Seen : Edmonia Lewis
By Jasmine Wells
It's about being seen. Both for who you are, and who you hope you can become. History is a mirror, and all too often, the history we're told in school reflects only a small subset of the population. In the new ongoing graphic novel program; Seen: True Stories of Marginalized Trailblazers, you'll find the stories of the real groundbreakers who changed our world for the better. Meet Edmonia Lewis, the woman who changed America during the Civil War by becoming the first sculptor of African-American and Native American heritage to earn international acclaim. In the tradition of March, Science Comics, and A Quick and Easy Guide to They/Them Pronouns, Jasmine Walls and Bex Glendining shine a light on a true story of courage, determination and perseverance through one of America's most violent eras to create true beauty that still resonates today.

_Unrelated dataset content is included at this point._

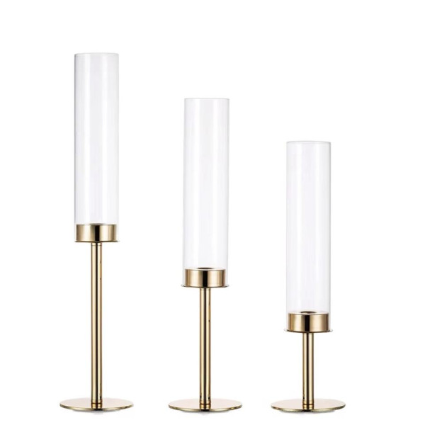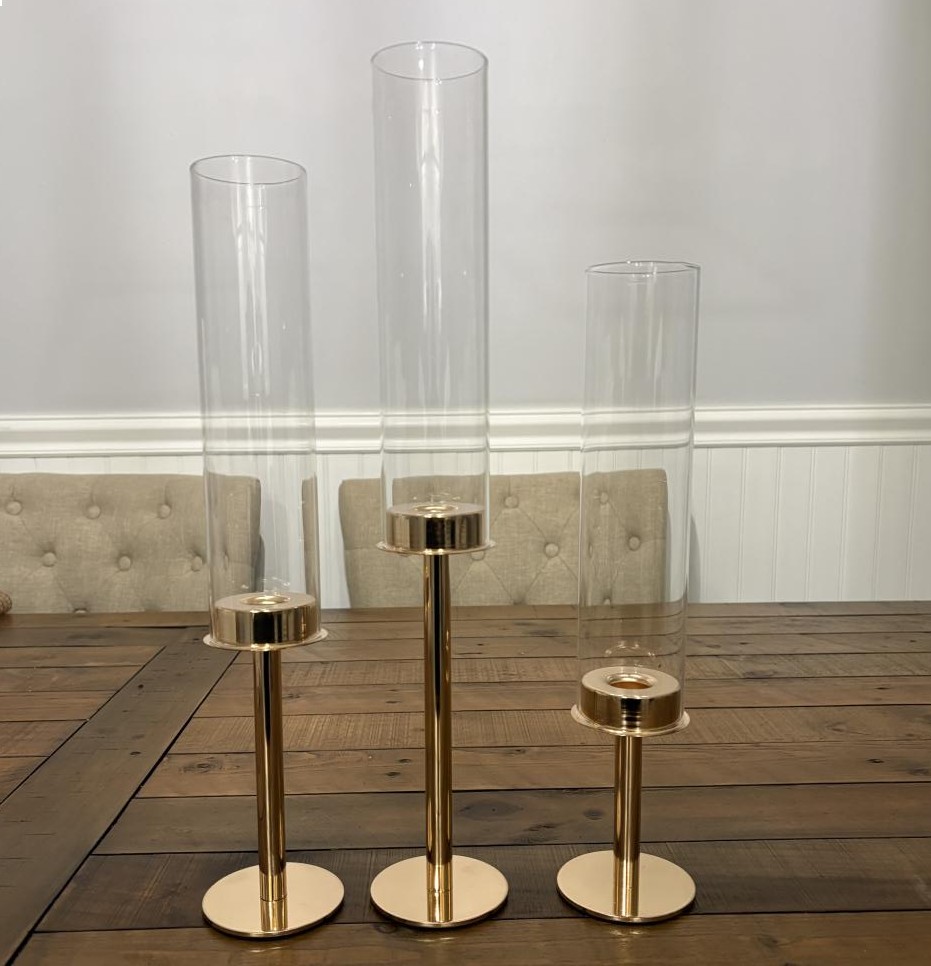 Add a touch of elegance and warmth to your event décor with our Gold Candle Holders Set of 3. This set includes three coordinating candle holders in varying heights, crafted with a sturdy gold metal base and topped with clear removable glass covers for a refined, upscale look.

Dreaming in Indian : contemporary Native American voices
edited by Lisa Charleyboy and Mary Beth Leatherdale
A powerful and visually stunning anthology from some of the most groundbreaking Native artists working in North America today. Truly universal in its themes, Dreaming In Indian will shatter commonly held stereotypes and challenge readers to rethink their own place in the world. Divided into four sections, ‘Roots,’ ‘Battles,’ ‘Medicines,’ and ‘Dreamcatchers,’ this book offers readers a unique insight into a community often misunderstood and misrepresented by the mainstream media.
Apple: Skin to the Core
by Eric Gansworth
Apple: Skin to the Core, is a YA memoir-in-verse. Eric Gansworth tells the story of his life, of an Onondaga family living among Tuscaroras, and of Native people in America, including the damaging legacy of government boarding schools—and in doing so grapples with the slur common in Native communities, for someone “red on the outside, white on the inside,” and reclaims it.